Please retype every entry as written, and keep the pictures out.

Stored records

|---|

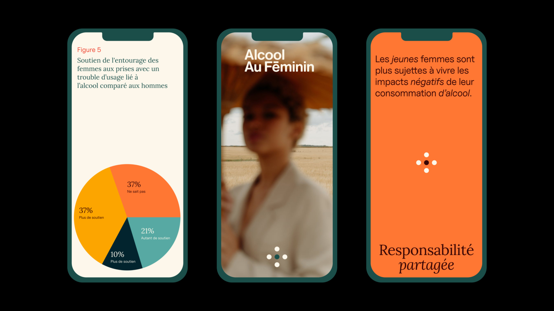The ASPQ (Québec’s Public Health Association) entrusted us with the mandate to design the visual identity and various tools for their awareness campaign on alcohol consumption among women. The goal was to foster a compassionate dialogue, shed light on the social pressures women face, and highlight our collective responsibility in creating safe and supportive environments.
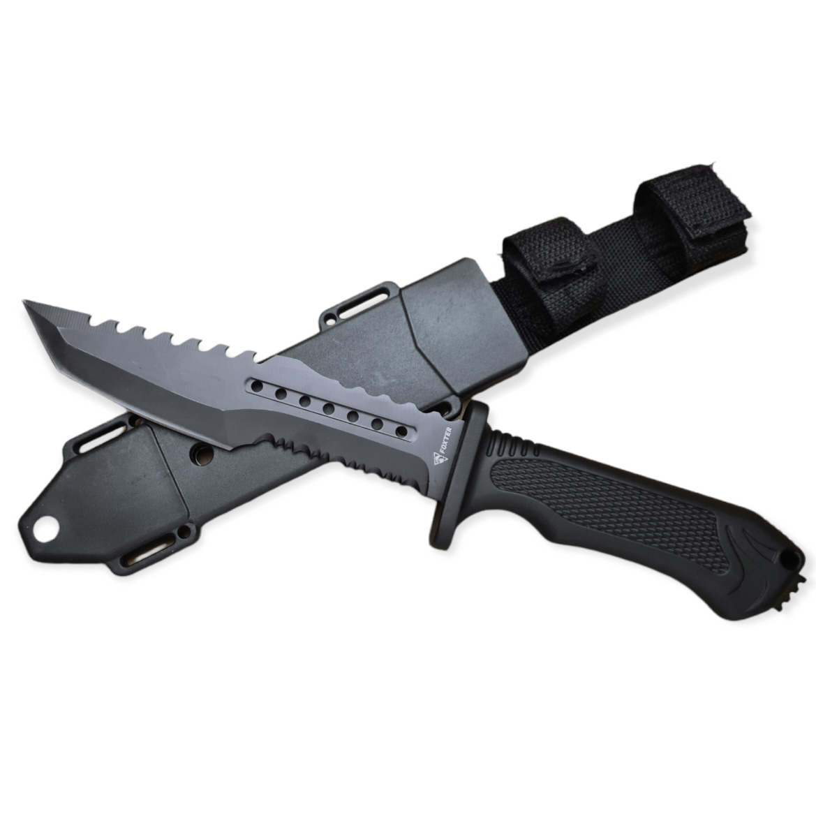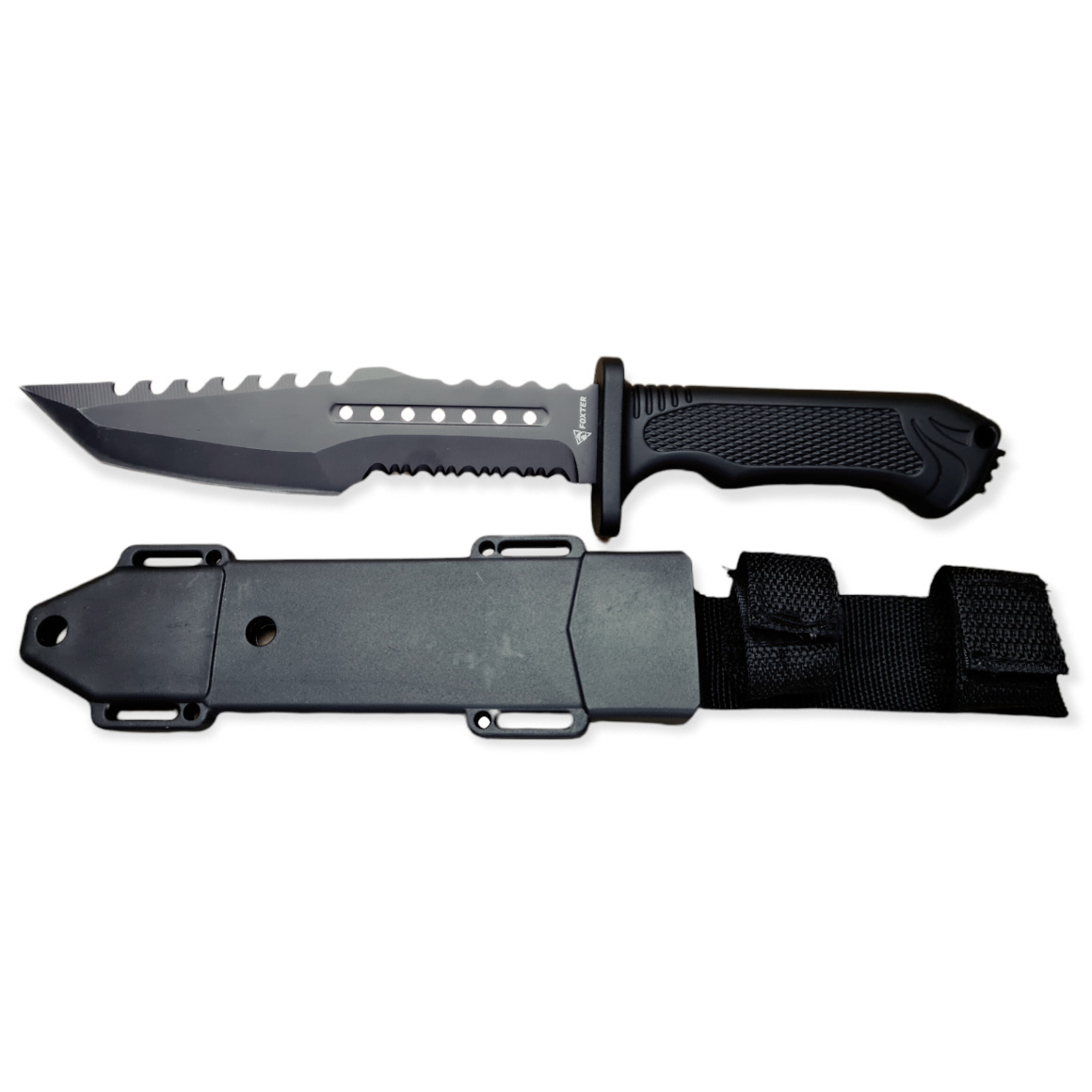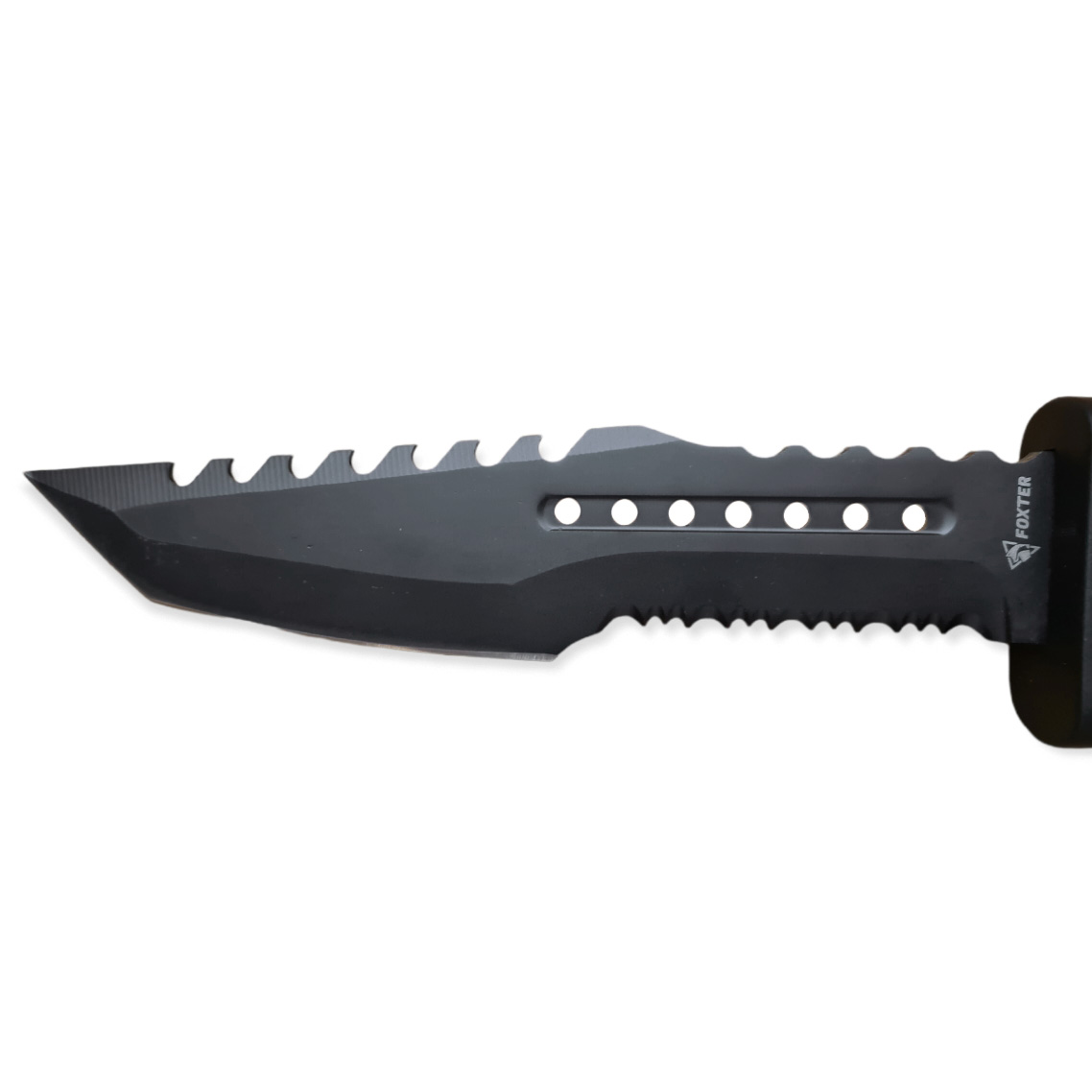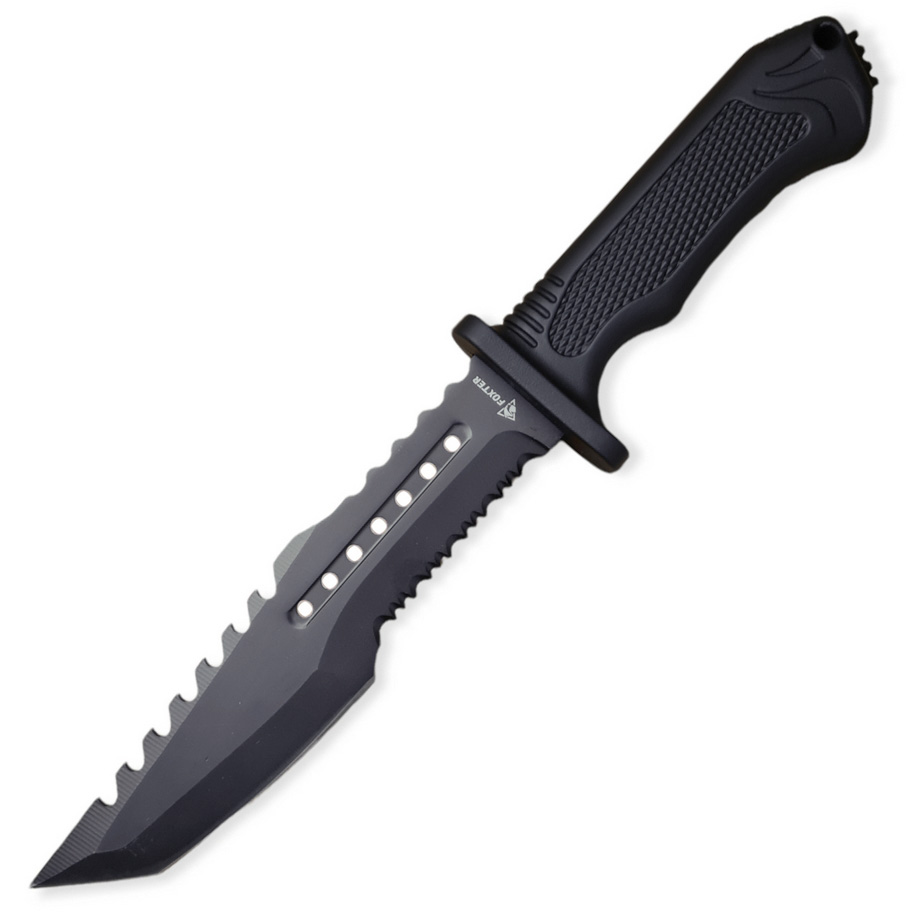 Nóż taktyczny o stałej głowni wykonany z trwałej stali nierdzewnej pokrytej czarną powłoką, która świetnie chroni przed korozją oraz niepożądanym odblaskiem.
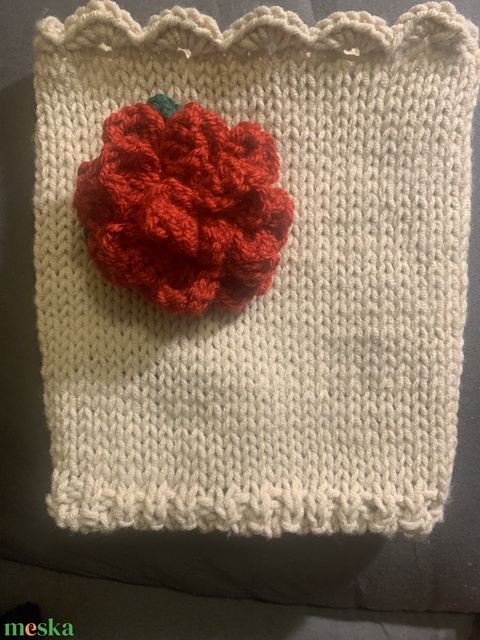 Táska. Beige kötött táska piros virágokkal díszítve eladó
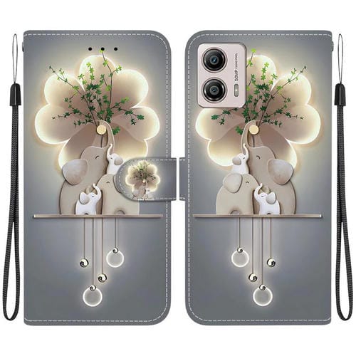 Funda de Cuero para Motorola Moto G13/G23/G53 con Dibujo de Colores y Textura de Cristal (Elefantes)
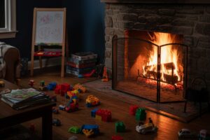 Court told mum held son over burning fireplace

|---|

YOUR SOLUTION.
The ASPQ (Québec’s Public Health Association) entrusted us with the mandate to design the visual identity and various tools for their awareness campaign on alcohol consumption among women. The goal was to foster a compassionate dialogue, shed light on the social pressures women face, and highlight our collective responsibility in creating safe and supportive environments.
 Nóż taktyczny o stałej głowni wykonany z trwałej stali nierdzewnej pokrytej czarną powłoką, która świetnie chroni przed korozją oraz niepożądanym odblaskiem.
 Táska. Beige kötött táska piros virágokkal díszítve eladó
 Funda de Cuero para Motorola Moto G13/G23/G53 con Dibujo de Colores y Textura de Cristal (Elefantes)
 Court told mum held son over burning fireplace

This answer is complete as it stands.